[antlr-interest] Parser testing

Thu Oct 11 05:48:13 PDT 2007

All,

    I'm a relative newbie to parsing in general, and Antlr
specifically.  I'm a bit fan of test driven development, so I'd like
to write Unit tests.  I noticed that the front page has an article
about gUnit... While interesting, not exactly what I want for now.  I
haven't download it's source to see if and how they handled this.
Maybe that's what I should have done.

    My interest is in finding a way to have a grammar that has nice
error handling, but still be able to find an error.  I've done
something like the following to my grammer:

   private boolean recognitionFailed = false;

   public boolean getRecognitionFailed() {
        return recognitionFailed;
   }

   public void resetRecognitionFailed() {
        recognitionFailed = false;
   }

   protected void mismatch(IntStream input, int ttype, BitSet follow)
       throws RecognitionException
   {
      recognitionFailed = true;
      super.mismatch(input, ttype, follow);
   }

What I'm looking for is the easiest way to do something like this:

//  ... Setup a parser, and lexer to test input.
parser.declaration();
// Check to ensure that no error handling or recovery happened.  (It'd
also be nice to ensure that all of the input was consumed, but I think
that's doable).

For simple inputs that are attempting to parse C-like code with a
grammer like below:

program :
	declaration* ;

declaration
	: TYPE IDENTIFIER ';';

identifier : IDENTIFIER ;

TYPE
	: 'void'
	| 'int'
	| 'float'
	| 'double'
	| 'short'
	| 'long'
	| 'char'
	| 'signed'
	| 'unsigned'
	;

IDENTIFIER
	:  ('A'..'Z' | 'a'..'z' | '_')  ('A'..'Z' | 'a'..'z' | '_' | '0'..'9')* ;

WS
	: (
	  ' '
	| '\t'
	| '\n'
	| '\r' )+  {channel=99;};

If you pass in "0bar", the lexer finds the 0, prints an error, and
then proceeds to generate token for "bar", and then says that it is in
fact an "IDENTIFIER".  This will get fixed once I train th lexer to
understand numbers, but it also exhibits my problem fairly quickly.

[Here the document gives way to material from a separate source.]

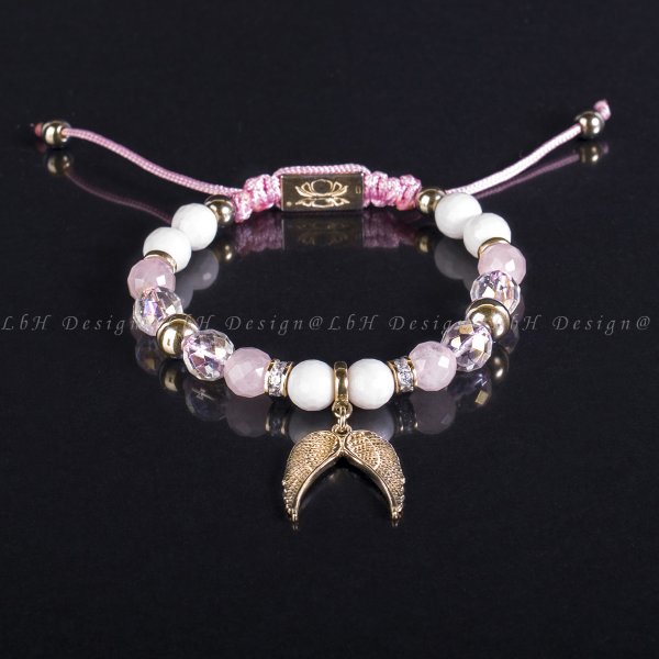 Pirivelege 925 Limitált Angyalszárny - Fazettált Rózsakvarc - Fazettált Kagyló - Fazettált Aqua Aura Kvrac – Arany Hematit

Any help on dealing with this would be much appreciated.  I figured it
should be trivial to use the parser like  a regular expression, and
call the equivalent of Java "Regex.match()", but alas, that appears to
be more difficult then I think it should be.  I'm hoping I'm just
missing something blazingly obvious.

Thanks in advance,
      Kirby